From: Boxuan Li <liboxuan@connect.hku.hk>
To: git@vger.kernel.org
Cc: j6t@kdbg.org, gitster@pobox.com, Boxuan Li <liboxuan@connect.hku.hk>
Subject: [RFC PATCH] userdiff: ship built-in driver config file
Date: Tue, 18 Jun 2019 00:54:50 +0800 [thread overview]
Message-ID: <20190617165450.81916-1-liboxuan@connect.hku.hk> (raw)
The userdiff.c has been rewritten to avoid hard-coded built-in
driver patterns. Now we ship
$(sharedir)/git-core/templates/userdiff that can be read using
git_config_from_file() interface, using a very narrow callback
function that understands only diff.*.xfuncname,
diff.*.wordregex, and diff.*.regIcase.
Signed-off-by: Boxuan Li <liboxuan@connect.hku.hk>
---
A few notes and questions:
1. In [diff "tex"] section, \x80 and \xff cannot be parsed by git config parser.
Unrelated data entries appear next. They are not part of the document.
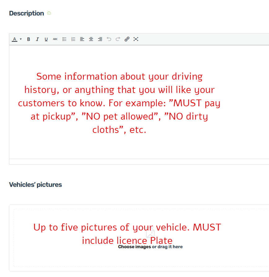 In the Vehicles’ Pictures, upload up to 6 pictures of your vehicle. They MUST include your license plate number
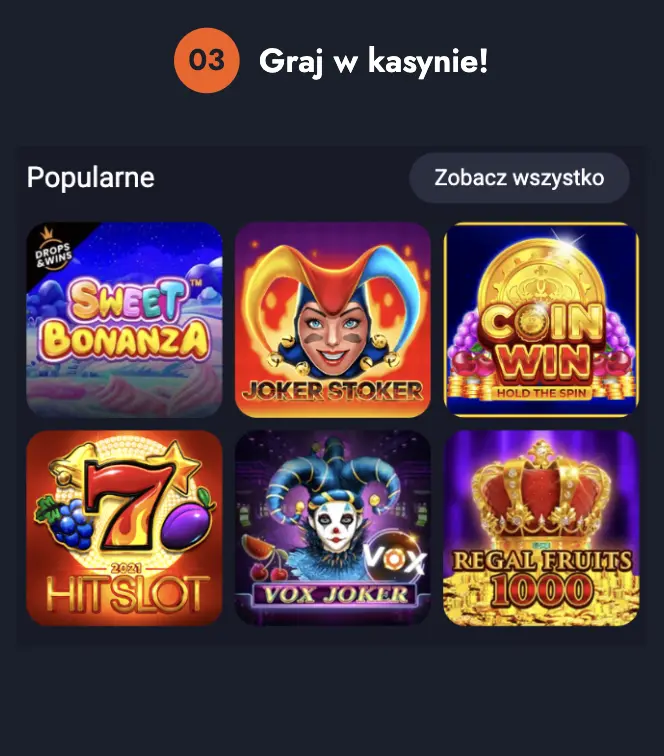 Nasza platforma stawia na prostotę — w menu głównym wydzieliliśmy kategorie takie jak „Jackpoty”, „Stoły”, „Gry pokazowe” oraz „Specjalne misje”. W każdej z nich czekają nie tylko emocjonujące gry, lecz także ekskluzywne bonusy i wyzwania, które sprawiają, że rozgrywka nigdy się nie nudzi.
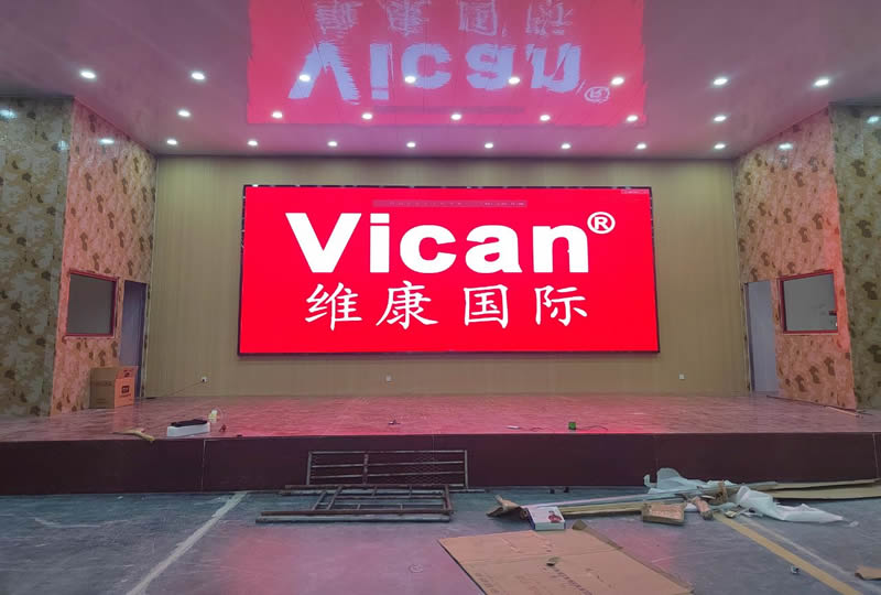 本案例中,維康國際為山東宏陽型材料公司提供一套會議廳LED大屏,采用全彩P2.5系列,大屏幕面積為8*3.2米,面積約25個平方,大屏顯示清晰,視覺體驗效果好。
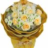 [材料]:11枝香槟玫瑰,白色小雏菊搭配 [包装]:黄色瓦楞纸多层圆形精美包装,香槟色丝带蝴蝶结
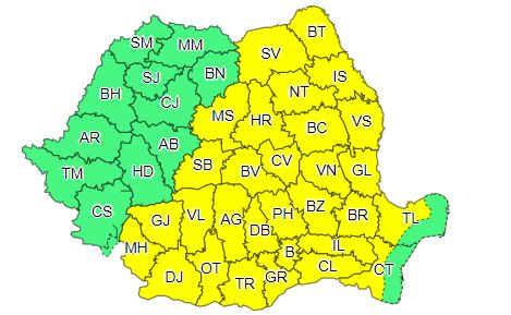 Meteorologii ANM au emis mai multe avertizări meteo, valabile în următoarele zile. Astfel, România se află între două extreme, în jumătate din țară este valabilă o atenționare de tip cod galben de caniculă, în timp ce alte 11 județe sunt sub cod portocaliu de vijelii și furtuni.

I have no idea why this is happening. I changed them to \\x80 and \\xff as a workaround, which
resulted in t4034 failure (See https://travis-ci.org/li-boxuan/git/jobs/546729906#L4679).
2. I am not sure how and where I can free the memory allocated to "builtin_drivers".
3. When I run `git format-patch HEAD~1`, core dump happens occasionally. Seems
no test case caught this problem. Till now, I have no luck finding out the reason.
Any hint or review would be appreciated.
---
templates/this--userdiff | 164 ++++++++++++++++++++++
userdiff.c | 284 +++++++++++++++------------------------
2 files changed, 275 insertions(+), 173 deletions(-)
create mode 100644 templates/this--userdiff
diff --git a/templates/this--userdiff b/templates/this--userdiff
new file mode 100644
index 0000000000..85114a7229
--- /dev/null
+++ b/templates/this--userdiff
@@ -0,0 +1,164 @@
+[diff "ada"]
+ xfuncname = "!^(.*[ \t])?(is[ \t]+new|renames|is[ \t]+separate)([ \t].*)?$\n"
+ xfuncname = "!^[ \t]*with[ \t].*$\n"
+ xfuncname = "^[ \t]*((procedure|function)[ \t]+.*)$\n"
+ xfuncname = "^[ \t]*((package|protected|task)[ \t]+.*)$"
+ wordRegex = "[a-zA-Z][a-zA-Z0-9_]*"
+ wordRegex = "|[-+]?[0-9][0-9#_.aAbBcCdDeEfF]*([eE][+-]?[0-9_]+)?"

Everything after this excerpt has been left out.